Work required:
Leave out the images and repeat every entry below exactly.

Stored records

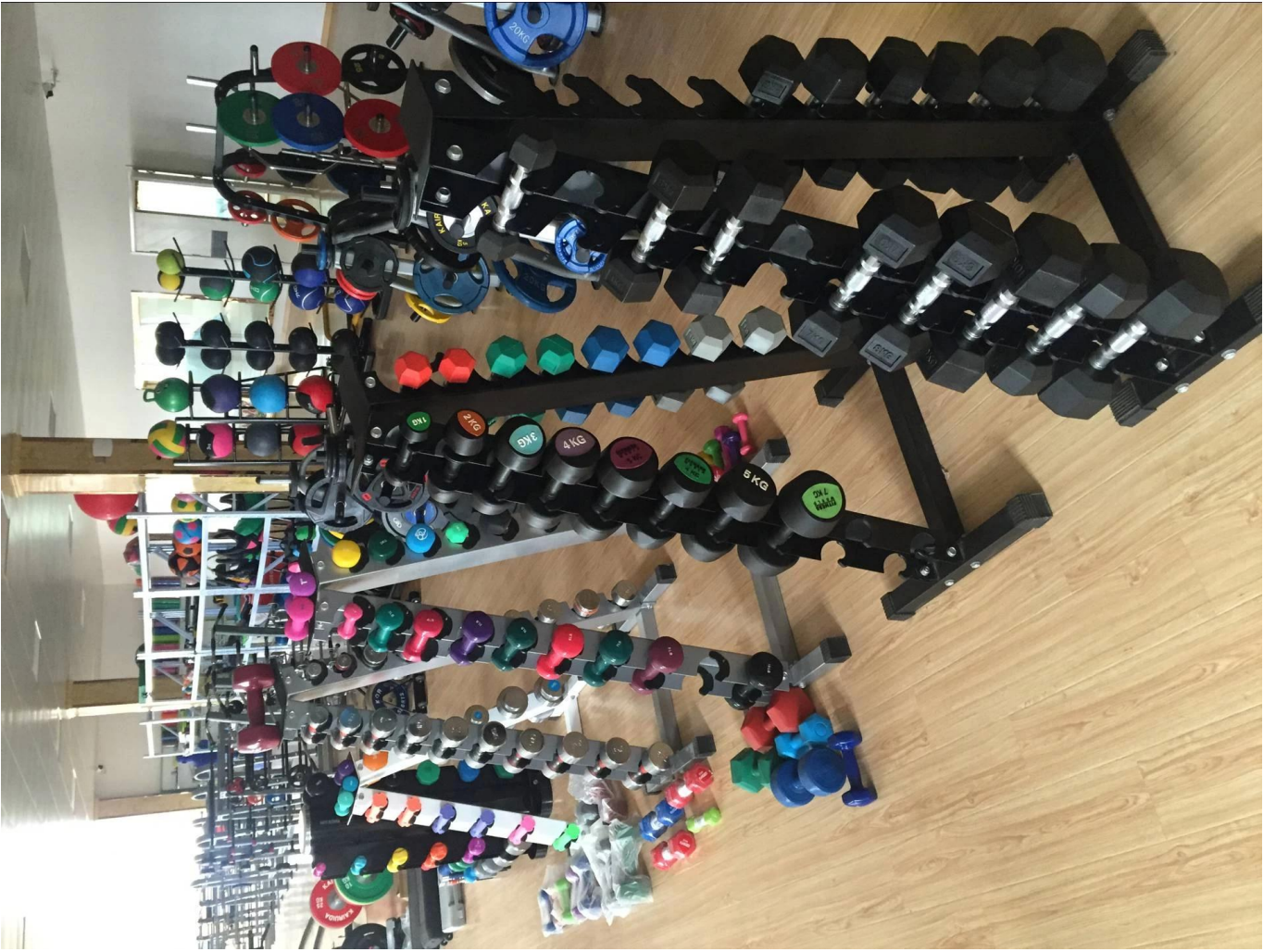
Paczki i przesyłki
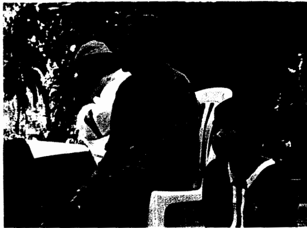
พ่ออุ้ยหนานจันท์ คนเมืองอพยพมาหาที่ทำกิน
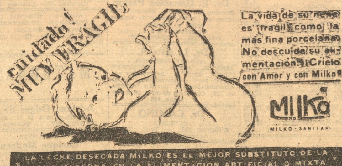
LA LECHE DESECADA MILKO ES EL MEJOR SUBSTITUTO DE LA LECHE MATERNA EN LA ALIMENTACION ARTIFICIAL O MIXTA.

Trabajo y de los parlamentarios asistentes a esta concentración, para que de alguna manera vuelvan a sus labores los obreros y empleados despedidos por causas sociales y políticas. El señor Zamora fue entusiastamente aplaudido. Durante su discurso tocó otros problemas de alto interés nacional como el mejoramiento de sus salarios de los tripulantes que prestan sus servicios en los vapores de la Asociación Nacional de Armadores y rindió un homenaje de admiración a las Compañías Nacionales, como la Refinería de Viña del Mar, en donde los obreros gozan de la más avanzada legislación social.
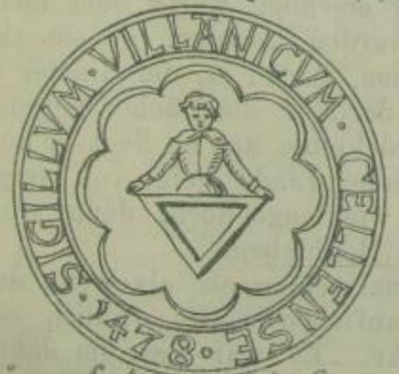
Siegel des Hofmeisters vom Kloster Zella. 1478.
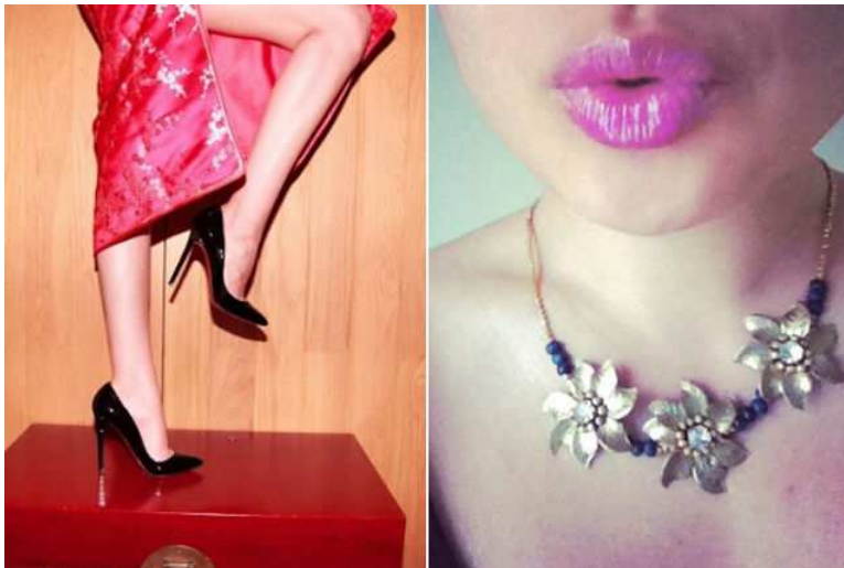
Wer wills kaufen? Von Userinnen auf Materialworld.com angebotene Secondhand-Stücke.

Secondhand-Mode – pardon, Vintage – erlebt eine Imageaufpolierung sondergleichen. Der neuste Trend heisst Re-Commerce und macht das Shoppen aus zweiter Hand zu einem neuen Erlebnis.
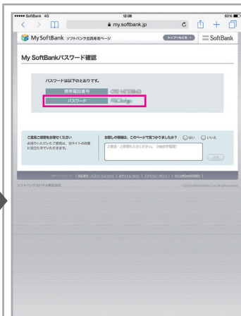
My SoftBankのパスワードが表示されます(パスワードはメモに控えてください)
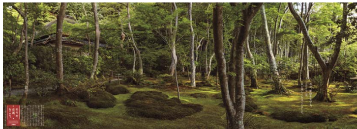
B0×2ポスター<苔と新緑編> (イメージ)

祇王寺と常寂光寺を取り上げます。一面の苔と青もみじに柔らかく包まれた初夏の情景をメインビジュアルに据え、美しい写真と映像でお伝えします。
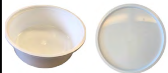
QC115 Suppenschale QC115 白色汤碗
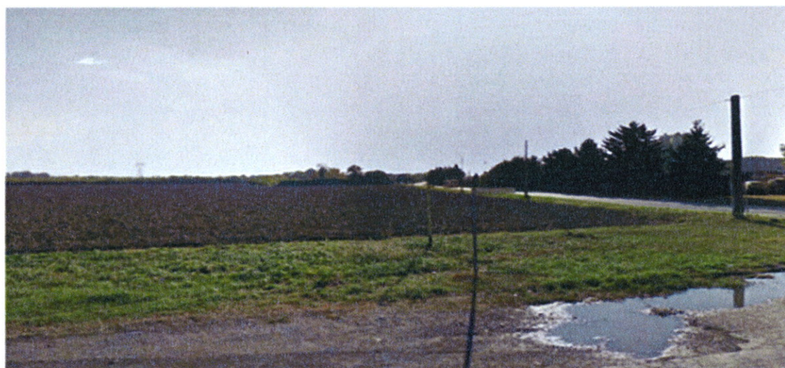
FOTO PANORAMICA DA NORD
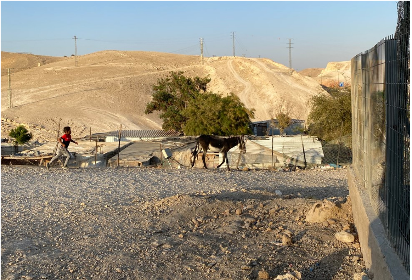
Vue du camp de bédouins de Khan Al Ahmar
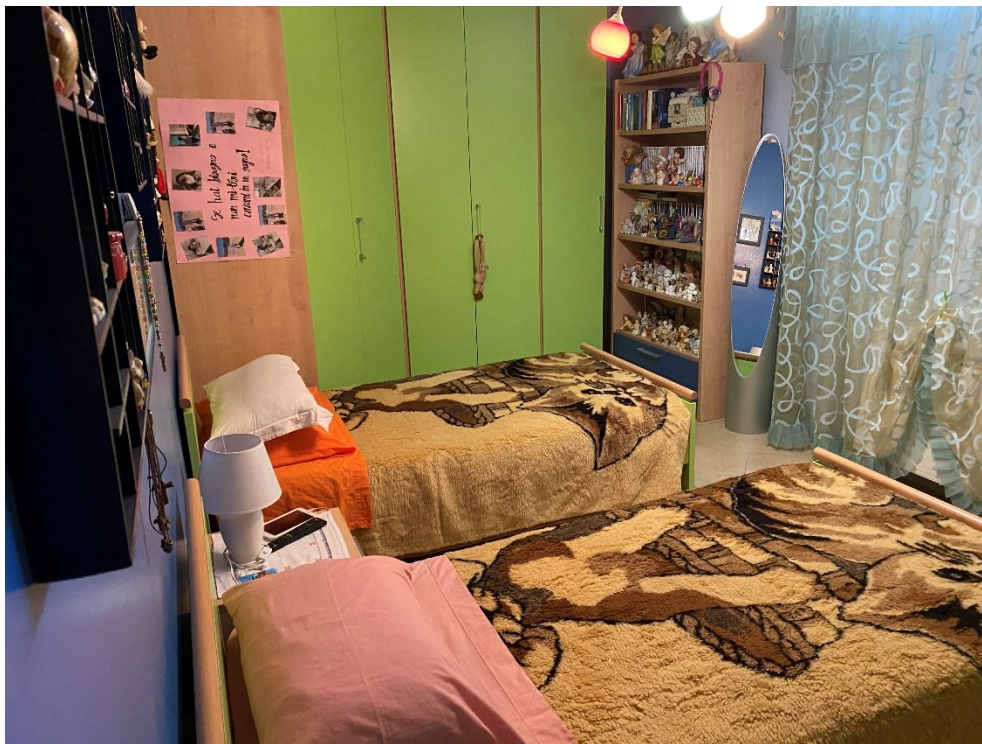
Camera secondo piano FOTO N.15
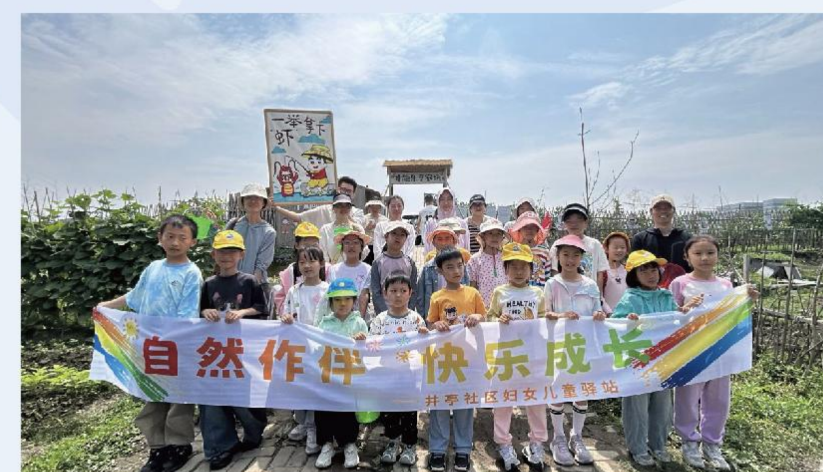
集士港镇井趣·乐享农场项目-亲子家庭土地认领计划

2025年度，项目支出 6.84万元 ，专项用于支持 8个优质公益项目 ，覆盖公益创业、残健共融、精神康复援助、社区共富、慈善医疗等多个民生领域。资助项目包括快乐代码小红花项目、云龙赛艇培训中心慈善创业共富基地项目、满天星残疾人服务中心葫芦工坊项目、“甬泉”慈善医疗服务项目等，各项目精准对接不同群体需求，兼具社会价值与落地性。

Reply to the task:
Paczki i przesyłki
พ่ออุ้ยหนานจันท์ คนเมืองอพยพมาหาที่ทำกิน
LA LECHE DESECADA MILKO ES EL MEJOR SUBSTITUTO DE LA LECHE MATERNA EN LA ALIMENTACION ARTIFICIAL O MIXTA.

Trabajo y de los parlamentarios asistentes a esta concentración, para que de alguna manera vuelvan a sus labores los obreros y empleados despedidos por causas sociales y políticas. El señor Zamora fue entusiastamente aplaudido. Durante su discurso tocó otros problemas de alto interés nacional como el mejoramiento de sus salarios de los tripulantes que prestan sus servicios en los vapores de la Asociación Nacional de Armadores y rindió un homenaje de admiración a las Compañías Nacionales, como la Refinería de Viña del Mar, en donde los obreros gozan de la más avanzada legislación social.
Siegel des Hofmeisters vom Kloster Zella. 1478.
Wer wills kaufen? Von Userinnen auf Materialworld.com angebotene Secondhand-Stücke.

Secondhand-Mode – pardon, Vintage – erlebt eine Imageaufpolierung sondergleichen. Der neuste Trend heisst Re-Commerce und macht das Shoppen aus zweiter Hand zu einem neuen Erlebnis.
My SoftBankのパスワードが表示されます(パスワードはメモに控えてください)
B0×2ポスター<苔と新緑編> (イメージ)

祇王寺と常寂光寺を取り上げます。一面の苔と青もみじに柔らかく包まれた初夏の情景をメインビジュアルに据え、美しい写真と映像でお伝えします。
QC115 Suppenschale QC115 白色汤碗
FOTO PANORAMICA DA NORD
Vue du camp de bédouins de Khan Al Ahmar
Camera secondo piano FOTO N.15
集士港镇井趣·乐享农场项目-亲子家庭土地认领计划

2025年度，项目支出 6.84万元 ，专项用于支持 8个优质公益项目 ，覆盖公益创业、残健共融、精神康复援助、社区共富、慈善医疗等多个民生领域。资助项目包括快乐代码小红花项目、云龙赛艇培训中心慈善创业共富基地项目、满天星残疾人服务中心葫芦工坊项目、“甬泉”慈善医疗服务项目等，各项目精准对接不同群体需求，兼具社会价值与落地性。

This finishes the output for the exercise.